Author Brian Bradford wrote a love story about being stuck.
On Monday, he came to Skillman Library to read passages from his most recent book, “Greetings from Gravipause,” a story about being stuck within a relationship, as well as to talk about the influence of his personal life on the novel.
The book bends genres as it jumps throughout space and time. It follows two plot lines – one of a first person narrator based on Bradford, and one narrated in the third person about Bradford’s father, who mysteriously left the family one day when Bradford was six years old.
Understanding the setting and protagonist necessitates having some understanding of Bradford’s upbringing, specifically that he is a Jersey kid. Talking about his Jersey roots, Bradford led the audience in a repetition of “Badda-bing badda-boom,” ending on a climactic “Fougheddaboudit”.

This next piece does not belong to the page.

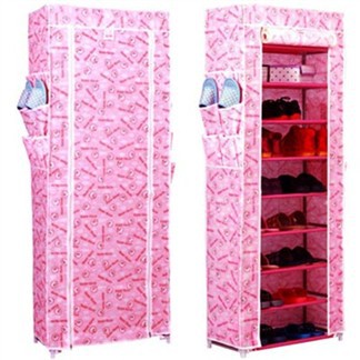 7net,7net購物網,7net雲端超商-TaiCheng高質感附門簾防塵罩十層鞋架-粉紅綿羊

He spoke about his time living in the suburbs of Cranford, N.J., saying “the epicenter of all Suburbia. If Norman Rockwell ever fell asleep and had a wet dream, it would be Cranford, New Jersey. It is the full Suburban masterpiece.”
“There’s something that’s disingenuous with the suburbs,” he added. He said that having grown up in the much more honest and aggressive Jersey City, the culture of the suburbs was hard for him to wrap his head around.
However, this idyllic setting serves as an epicenter for the protagonist’s conflict. “At this point in the novel, the narrator is starting to have some questions,” Bradford said. “The sins of the father are visiting themselves upon the son, wondering if he’s going to go down the same road.”
As much as it may be a story about the protagonist’s inner conflict over his father, though, “Greetings from Gravipause” is still very much a love story.
“The term Gravipause [when the gravity fields of two celestial bodies neutralize each other]…that in and of itself…is really uninteresting, but if you apply that to love relationships it takes on a whole other business,” he said. “That’s what this is an attempt at.”
The midpoint between staying and leaving is paralleled between the narrator’s father and the narrator himself. As they find themselves in similar emotional positions, the two have similar echoed thoughts across space and time. The father is in a marriage that is going nowhere. The narrator met a woman in Japan, married her, brought her back to Jersey, and then drifted apart. Both are stuck in this state of “Gravipause”.
“One of the things I worried about, structurally, was the reader getting lost,” Bradford said. “[The two stories] weren’t written side by side…it was a happy accident.”
At the end of the day, though, this wasn’t an attempt to tell a deeply personal tale or to come to terms with his life.
“I hate confessional poetry and confessional fiction,” Bradford said. “I just tried to tell a good story.”